> Task statement:
Your task is to write out every line of the data exactly. Drop the pictures.

> Information provided:
-=-=-
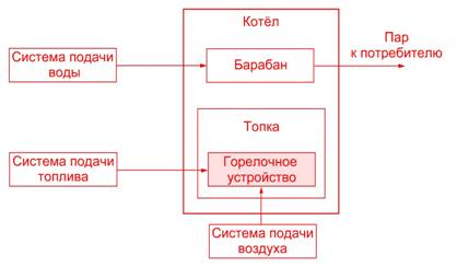 1. трубопроводами топлива, питательной воды и пара; 2. электрофицированной арматурой, исполнительными механизмами и эл. двигателями (далее везде ИМ); 3. датчиками и приборами контроля теплотехнических параметров ИМ, датчики и приборы контроля теплотехнических параметров образуют согласно функциональной принадлежности и пространственного расположения, следующие технологические (функциональные) подсистемы котла:
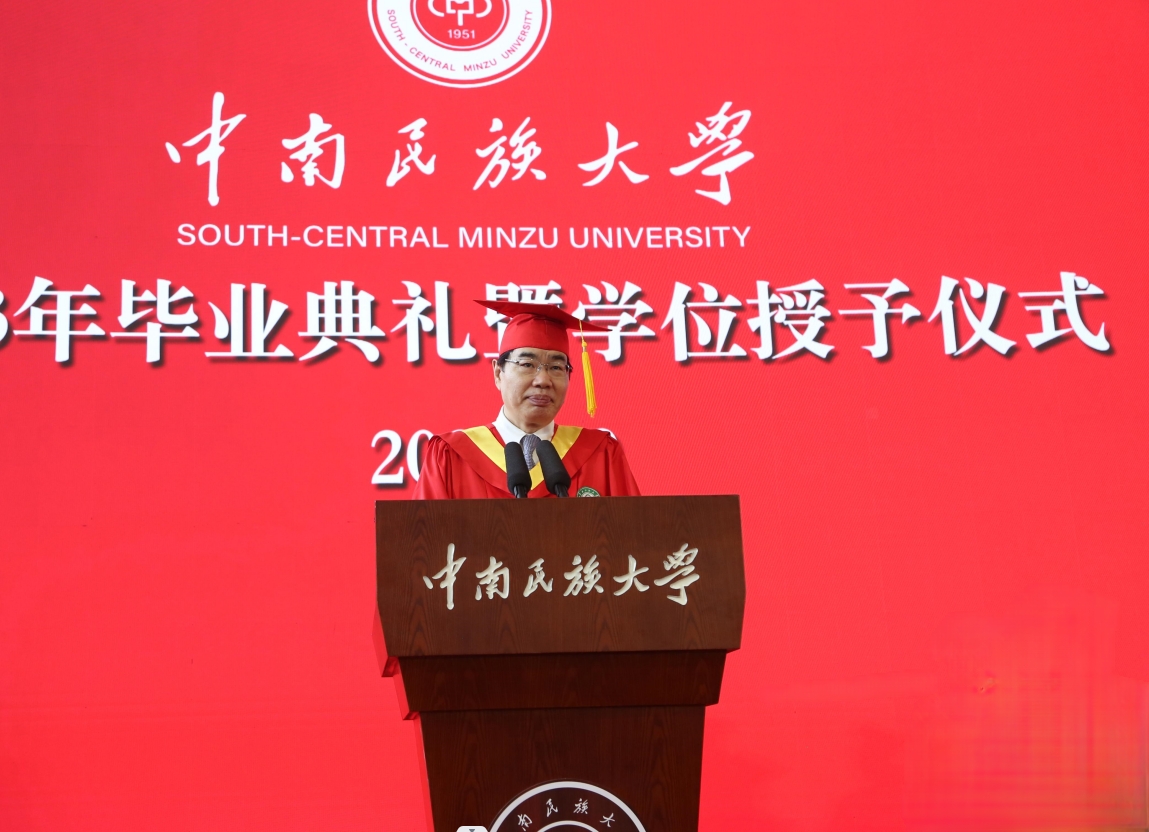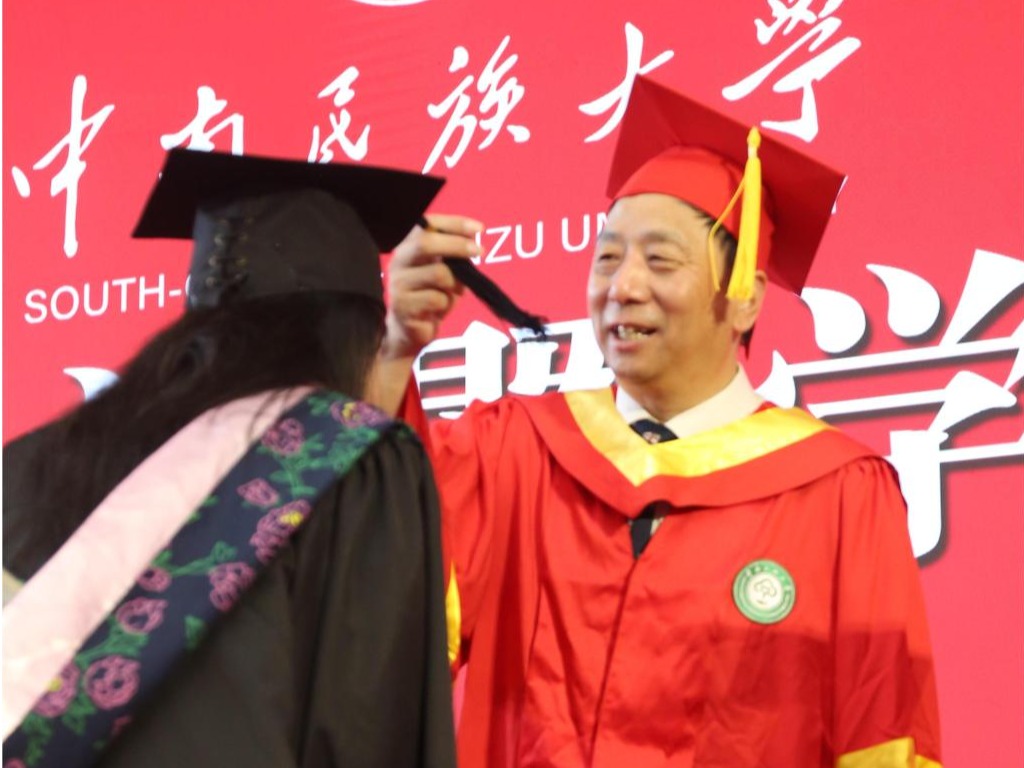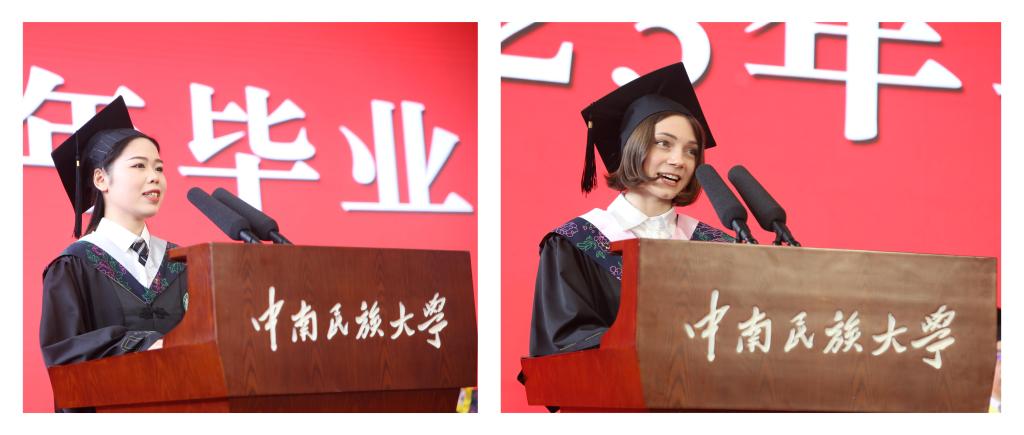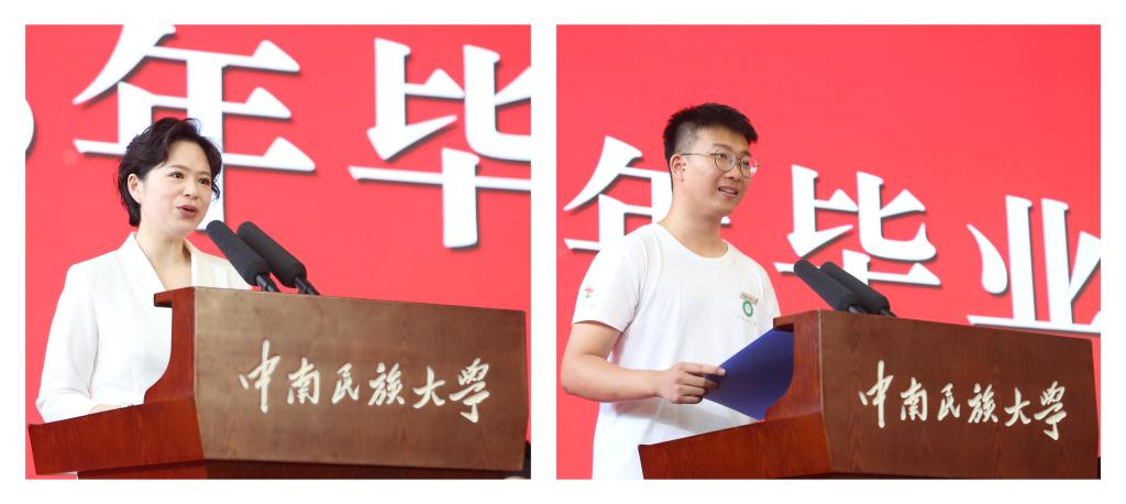 即将前往重庆山区任教,来自数统学院的刘姗作为毕业生代表发言:“四年的成长,让我们有幸学问思辨和励志笃行;四年的学习,让我们有幸汲取老师博采众长的专业知识和锐意进取的科研精神;四年的生活,让我们有幸结识志同道合的朋友和温柔可亲的室友。四年民大人,一生民大情。今天,我们毕业了,但是我们永远不会忘记‘笃信好学,自然宽和’的校训和母校的悉心栽培。”
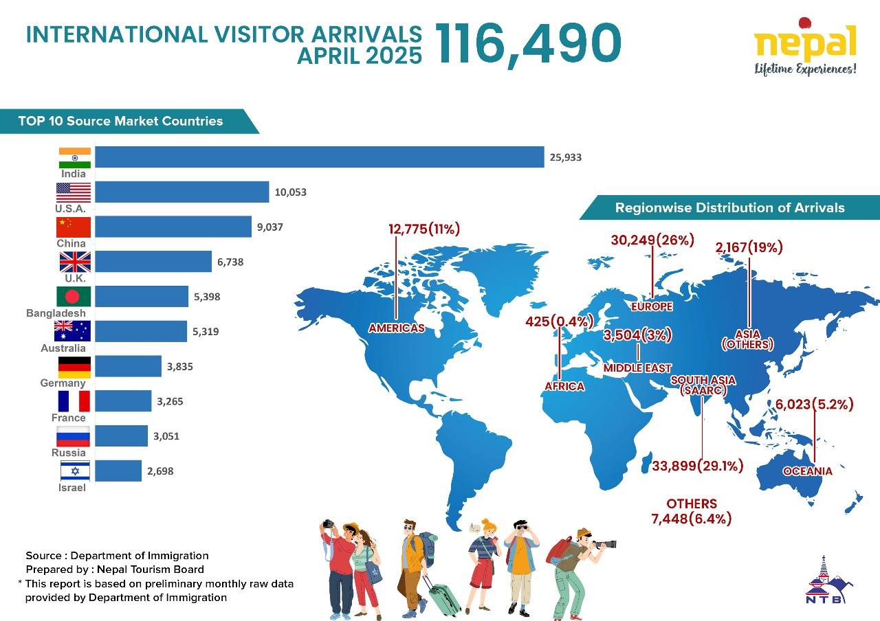 काठमाडौं । गत अप्रिल २०२५ मा १ लाख १६ हजार ४ सय ९० अन्तर्राष्ट्रिय पर्यटकले नेपाल भ्रमण गरेका छन् । नेपालको पर्यटन इतिहासमा सबैभन्दा राम्रो अप्रिल महिना भएको नेपाल पर्यटन बोर्डले जनाएको छ। जुन कोभिड महामारी पछि अप्रिलमा आएका पर्यटनको संख्या १०६.५ प्रतिशत बढी भएको बोर्डको दावी छ । ‘पूर्व महामारी स्तरमा पुगेका छौं, बलियो…
-=-=-
> Exercise solution:
 1. трубопроводами топлива, питательной воды и пара; 2. электрофицированной арматурой, исполнительными механизмами и эл. двигателями (далее везде ИМ); 3. датчиками и приборами контроля теплотехнических параметров ИМ, датчики и приборы контроля теплотехнических параметров образуют согласно функциональной принадлежности и пространственного расположения, следующие технологические (функциональные) подсистемы котла:
 即将前往重庆山区任教,来自数统学院的刘姗作为毕业生代表发言:“四年的成长,让我们有幸学问思辨和励志笃行;四年的学习,让我们有幸汲取老师博采众长的专业知识和锐意进取的科研精神;四年的生活,让我们有幸结识志同道合的朋友和温柔可亲的室友。四年民大人,一生民大情。今天,我们毕业了,但是我们永远不会忘记‘笃信好学,自然宽和’的校训和母校的悉心栽培。”
 काठमाडौं । गत अप्रिल २०२५ मा १ लाख १६ हजार ४ सय ९० अन्तर्राष्ट्रिय पर्यटकले नेपाल भ्रमण गरेका छन् । नेपालको पर्यटन इतिहासमा सबैभन्दा राम्रो अप्रिल महिना भएको नेपाल पर्यटन बोर्डले जनाएको छ। जुन कोभिड महामारी पछि अप्रिलमा आएका पर्यटनको संख्या १०६.५ प्रतिशत बढी भएको बोर्डको दावी छ । ‘पूर्व महामारी स्तरमा पुगेका छौं, बलियो…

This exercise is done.